Lifestyle inflation, spending more money as your income increases, might seem like a natural reaction to an increased income but it shouldn’t be. When you get a raise, what do you do with that additional income? What should you do? Do you use it to pay off debt? Put more away into savings? Or spend it? Lifestyle inflation can be an easy trap to fall into, but with one simple solution you can avoid it.
What Is Lifestyle Inflation?
For some, the response to a pay increase is to rent a bigger apartment, buy a new car, to go out to eat more often, and so on. In other words, they change their lifestyle because they are earning more. But this also means that some, or all, of that additional money they are earning is already spent every month. While their spending is increasing, their debt payments or savings stay the same. You need to consider, is it worth it to pay twice the rent to have a gym in the building (that you’ve only used once)? Or would it be better to put that money toward paying off your credit card bills or save it and finally get to travel like you’ve always wanted?
The goal should always be to live within your means. This means your income covers all your expenses. The money left over after paying for all your expenses should go toward paying down debt and accumulating savings. If you have debt, pay more than the minimum payment due. Set money aside for an emergency fund. Once you have that set aside, contribute to retirement savings and invest the remaining money.
When your income increases, you have options on where to put that additional money. It can be tempting to spend it, upgrade from what you normally buy, figuring you might as well enjoy it a little. Or you can put it toward paying down debt and increasing savings. The former might be fun for now, but the latter will be more beneficial for you in the long run. By spending that money, you aren’t moving up. You’re holding yourself back. Debt will continue to tie you down. Lack of savings will limit you in what you can afford and keep you from reaching your financial goals.
The Simple Solution
The simple solution to avoiding lifestyle inflation is a two-part process. First, make saving automatic. Set up an automatic deduction from your paycheck to your retirement account. Set up another deduction to a secondary bank account for money that will only go towards savings or paying down debt. Second, make it a percentage. Make those automatic deductions a percentage, rather than a dollar amount, this is the key. By deducting a percentage, when your income increases, so does your deduction.
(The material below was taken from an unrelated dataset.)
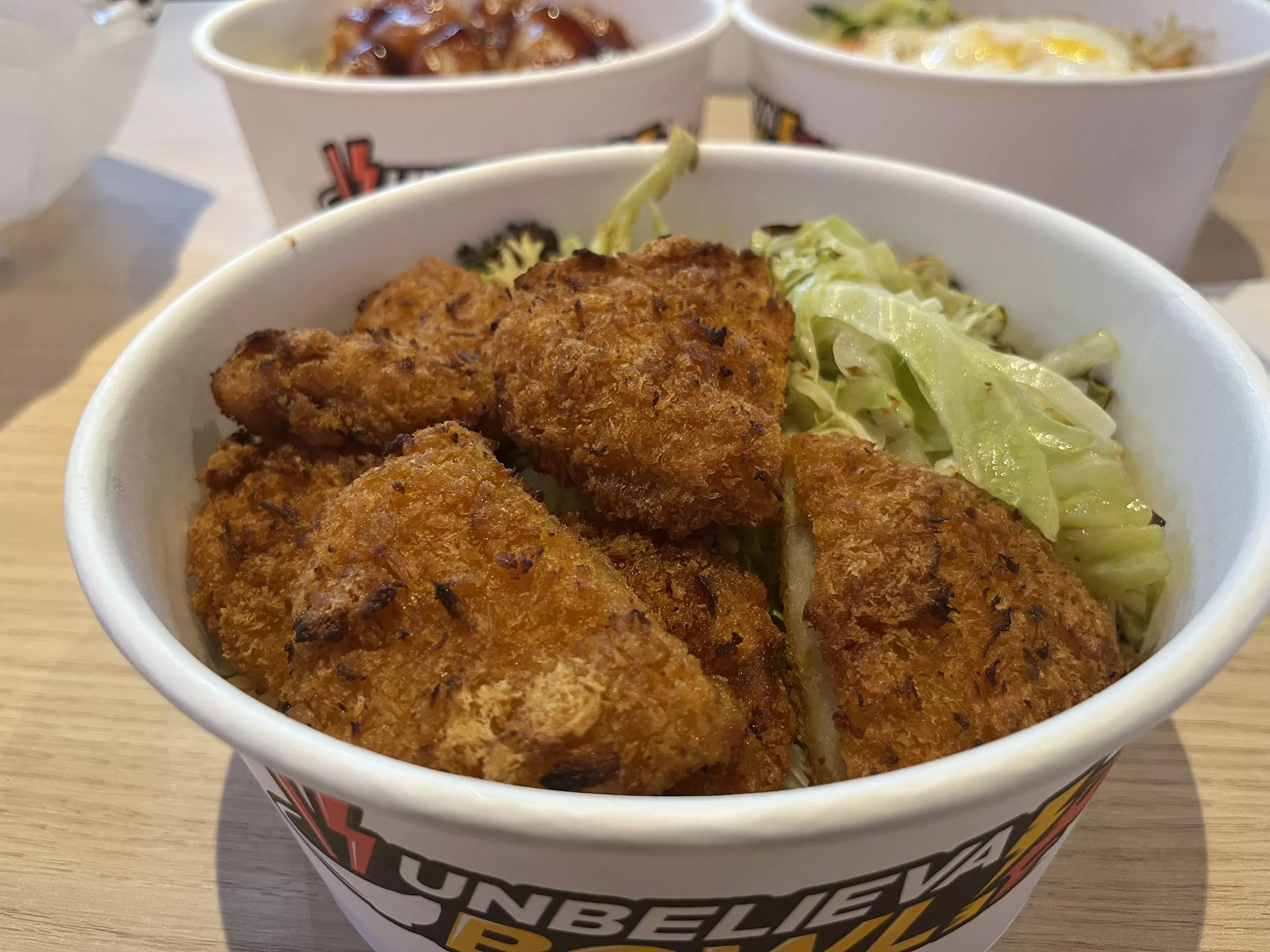 Unbelievabowl’s katsu is also a popular menu item, similarly served on a bed of rice and stir-fried vegetables. Go for the pork or chicken katsu ($8.95), which both come lightly breaded and fried on the outside but hide a satisfying center of tender meat within.

If you get a raise, or you work overtime or you get a bonus, the amount that gets deducted will reflect that income increase.
Not So Scary Anymore
So with that simple solution, automatic deductions set at a percentage, you can avoid lifestyle inflation. It’s not to say you can never upgrade your living situation or your wardrobe, but instead, it’s about being intentional and seeing the big picture. Remember your long-term financial goals as you decide how to spend your money and use automatic deductions to help you when temptations come along.
Talk to your HR rep or bank to set up automatic deductions set at a percentage to avoid lifestyle inflation.